Мне несколько раз приходилось встречать счастливых, и я хорошо изучила самую природу счастья. Но однажды судьба заставила меня принять в нем активную роль.
Когда мне рассказали, что Анна Ивановна, бедная безнадежно больная учительница, получила огромное наследство, я искренно порадовалась. А когда мне передали, что она только о том и мечтает, как бы повидаться со мной, я была тронута.
Анна Ивановна знала меня в очень тяжелые для нас обеих времена, и те последние годы, когда мы уже не виделись, по слухам, были для нее тяжелее прежних. Как же не обрадоваться было такой волшебной перемене в ее судьбе.

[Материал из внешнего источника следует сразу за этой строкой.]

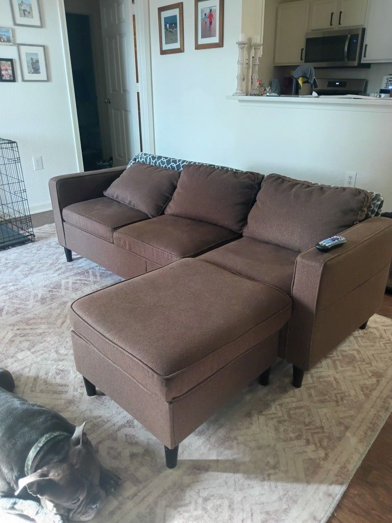 Brown couch with ottoman

Вскоре после этого известия я встретилась с ней на улице. Она ехала в собственном экипаже, принаряженная, но очень скучная и тихая.
При виде меня она как-то забеспокоилась, лицо у нее стало напряженное, жадное.
– Садитесь скорее со мной! – кричала она. – Едемте ко мне завтракать.
Ехать к ней я отказалась, но выразила удовольствие, что ее дела так хорошо устроились.
Она выслушала меня с каким-то раздражением.
– Так садитесь, я вас домой завезу. У меня чудные рессоры, одно удовольствие прокатиться.
Я села, и она тотчас стала рассказывать, какой у нее дом, и сколько стоит коляска, и про какие-то необычайные лампы, которые тоже достались ей по наследству. Говорила она с какой-то злобой и, видимо, была так недовольна мною, что я совсем растерялась.
– Почему же говорили, что она хочет меня видеть? Верно, что-нибудь спутали.
Но когда я хотела выйти у одного магазина, она ни за что не могла со мной расстаться и велела кучеру ждать, а сама пошла за мной.
– Как можно покупать такую дрянь, дешевку! – злобно проговорила она. – Я покупаю только дорогие вещи, потому что это даже выгоднее.
И снова рассказывала о своих дорогих и хороших вещах и смотрела на меня с отчаянием и злобой.
– Что у вас за пальто? – вдруг истерически вскрикнула она. – Как можно носить такую дрянь? Наверно, заграничная дешевка!
Я уже хотела было заступиться за свое пальто, но посмотрела на ее отекшее желтое лицо безнадежно больной женщины, на всю ее тоскливую позу и на дорогой экипаж и поняла все ее отчаяние: у нее было пустое, голодное счастье, которое ей нужно было накормить и отогреть теплым человеческим мясом, не то оно сдохнет.
Я поняла, почему она искала меня. Она знала меня в самое тяжелое время моей жизни и чувствовала, что в крайнем случае, если я сумею защититься теперь, то этими прошлыми печалями она всегда накормит своего зверя.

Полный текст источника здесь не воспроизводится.